Вид у него был болезненный.
Надя поставила на печку кастрюлю с водой, обмыла сердца и накидала в нее пять штук – так, чтобы каждому по сердцу. Через час, не в силах больше терпеть одурманивающего запаха, я принялся чайной ложкой выгребать из кипящего бульона сердца, то и дело обжигаясь. Проснулся Арсен и завопил: «Мне тёже! Мне тёже!» Бабо, сославшись на пустую челюсть, сказала, что подождет, пока разварятся. Раздал сестрам, отрезал кусок Арсену, выловил себе. С трудом удерживая горячее полусырое сердце, каждый из нас впивался в упругие мясные толщи со всей жадностью растущего организма, чувствуя, как сладостна жизнь, как прекрасна она на вкус.
Едва успев доесть, сестры и брат заснули. Борясь со сном, я впихнул в печь половину пня с волокнистой сучковатой сердцевиной, после чего повалился на ковер и крепко забылся.
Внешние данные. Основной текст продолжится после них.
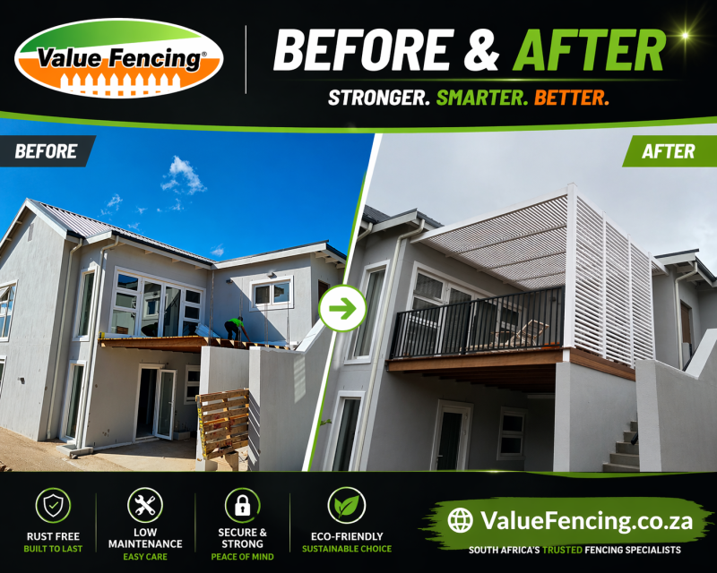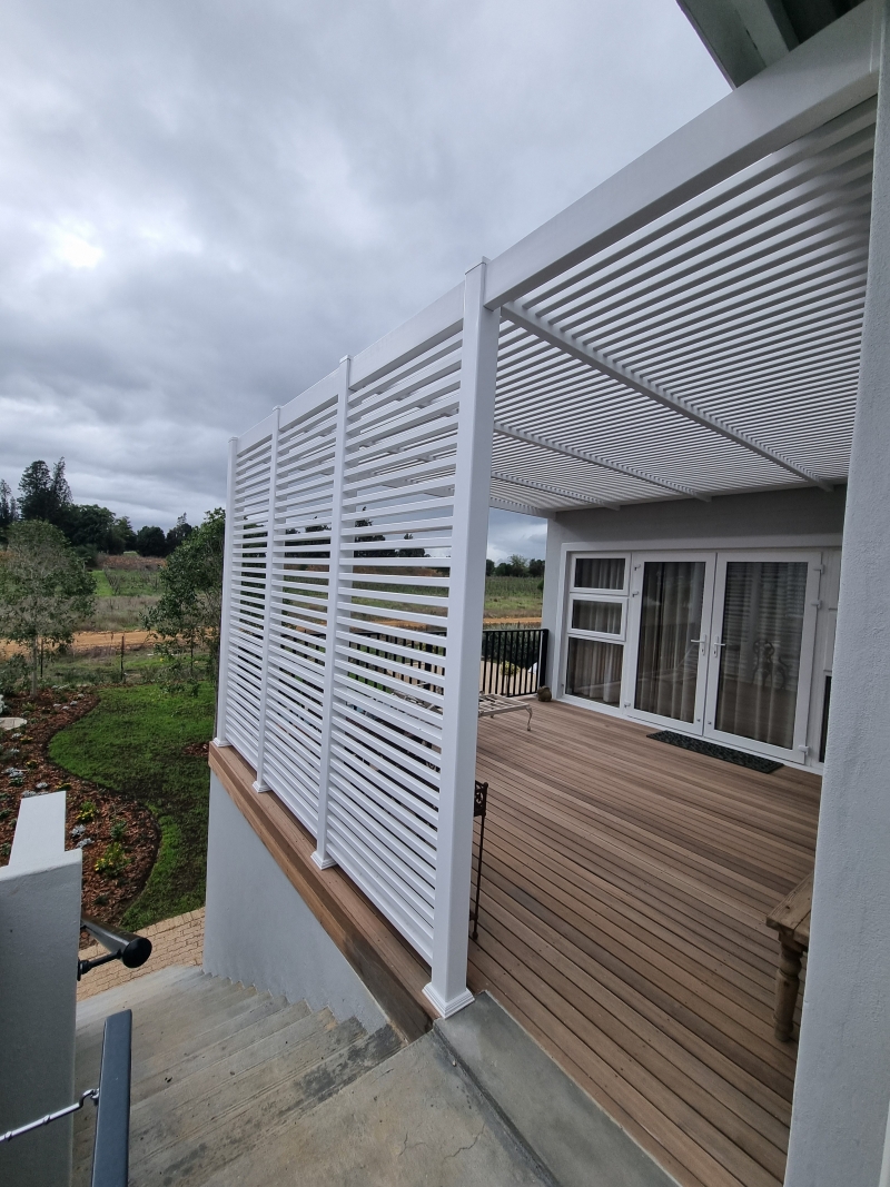 A real Groot Parys Lifestyle Estate outdoor deck went from exposed and unfinished to shaded, private and architecturally complete with a custom PVC modern slatted pergola by Value Fencing.
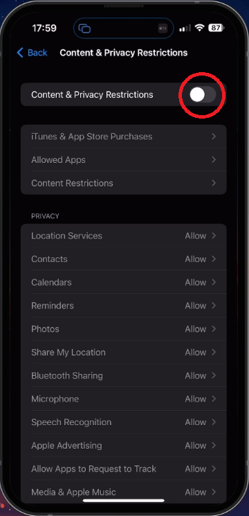 Lastly, content and app restrictions might prevent you from loading the game properly. Head back to your main settings and tap on Screen Time when using an iOS device. Select Content & Privacy Restrictions. Make sure to disable all restrictions to troubleshoot where this problem originates. You also want to disable app restrictions for Free Fire MAX or gaming on your device. This will fix the problem when Free Fire is not loading on your device
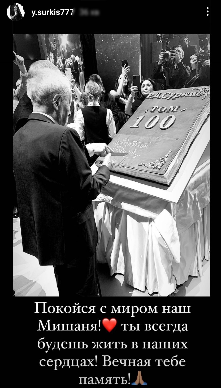 Михаил Давыдович прожил долгую, яркую и достойную жизнь, оставив по себе добрую память. Человек - легенда, которая перешагнула столетний порог, навсегда будет примером жизнелюбия для большой семьи Суркисов, многочисленных друзей и знакомых.
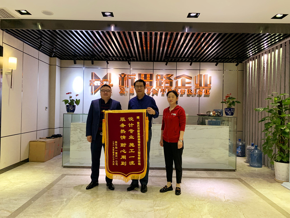 5月4日上午,公裝項目英中耐(重慶)公司段總,為新思路送上一麵大紅錦旗。“設計專業、施工一流;服務熱情、耐心周到”這16個字充分體現出對我們新思路裝飾公裝部的設計、施工及服務的高度認可。
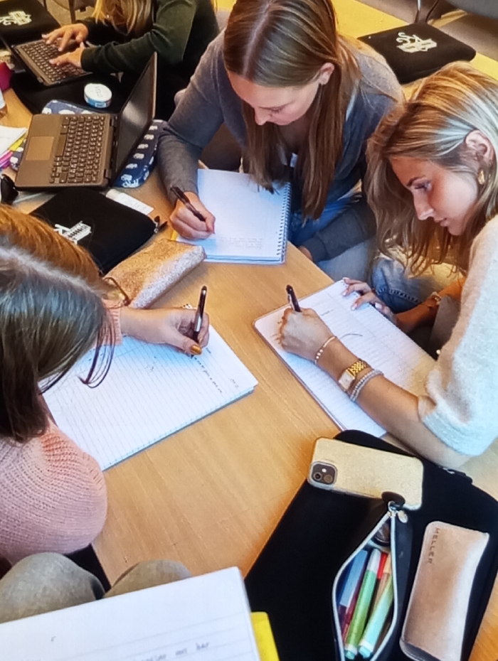 The scene is located in Mrozów, Poland. Four individuals are present at a light-colored wooden table within an indoor environment. In the upper-left, a partially visible individual, wearing a dark green long-sleeved garment, is operating an open laptop. Adjacent to this, a dark grey laptop is open on the table, along with a small white circular container. In the center-upper frame, a female with long brown hair, dressed in a grey long-sleeved top and blue jeans, is observed writing in a spiral-bound notebook using a black pen. To her right, a female with blonde hair, wearing a light-colored long-sleeved top and blue jeans, is writing in a spiral-bound notebook with a black pen. Her left wrist bears a gold-toned watch and multiple bracelets. An iPhone, encased in a gold glittery case, rests on a black laptop sleeve. A transparent pencil case containing various colored markers and a light brown case labeled 'MELLER' are positioned nearby. In the lower-left foreground, a partially visible female, with brown hair, wearing a pink knitted sweater and grey pants, is writing in a lined notebook with a black pen. Her fingernails are painted gold. A yellow sheet of paper is visible beneath her notebook. All four individuals are actively engaged in individual study tasks involving either writing in notebooks or typing on a laptop.

Только утром увидел дремавшего отца с распухшей небритой щекой; иногда он постанывал. Позже мы узнали, что отец снял со своих зубов четыре золотые коронки, одной расплатившись с зубным техником, а на три купив ведро сердец на районном рынке, что в пяти часах ходьбы от нашего обиталища.
Я стоял и смотрел на этого худого, уставшего человека, свернувшегося калачиком, страдающего от боли, вздрагивающего во сне, тихого и покорного своей судьбе. Я стоял и смотрел на своего отца.
На моего папу.
Убийцы
И вдруг он сказал:
– Мой папа ссыт кровью.
Мы сидели на большом валуне у самой вершины «лысой горы» и смотрели вниз, на извивающуюся ниточку асфальтированной дороги, по которой, точно букашки, ползли редкие и крохотные машины. Июльское солнце стояло в зените, отраженный от камней и песка жар все уверенней пропекал нас со всех сторон, и спасительный еще час назад легкий ветерок сейчас уже не овевал, захлебываясь в плотно вставшем мареве. Юрик долго молчал, а потом вывалил эти четыре слова разом, будто четыре горошины встали у него поперек горла, но быстрая и болезненная судорога извлекла их и просыпала на камни.
– Это очень плохо? – спросил он после длительной паузы, словно я был не учеником шестого класса сельской школы, затерявшейся в лабиринте армянского нагорья, а матерым профессором урологии.
– Не знаю… Наверное, не очень хорошо, когда кровь из писюна идет…
– Это все эта сука. Она довела… – заключил Юрик, не отрывая взгляда от дороги.
– Кто?
– Эта сука.
Я не стал допытываться у одноклассника, какая сука довела его отца до мочекровия: разговоры о семейных неурядицах были у нас не в обиходе. К слову, треть моих одноклассников даже понятия не имела, кем работают их родители. О семье Юрика Саркисова (Юриком он был вписан в метрики и сердился, когда его называли Юрой) я знал только, что отец его – пару раз отмотавший срок рослый детина. О матери своей он никогда не говорил. В Арзакан они прибыли в числе последних, около года назад, до этого обживаясь то у одних родственников, то у других. Их поселили в пансионат «Наринэ», состоявший из множества двухэтажных корпусов, разбросанных по огромной территории у подножия большой, укрытой лесом горы.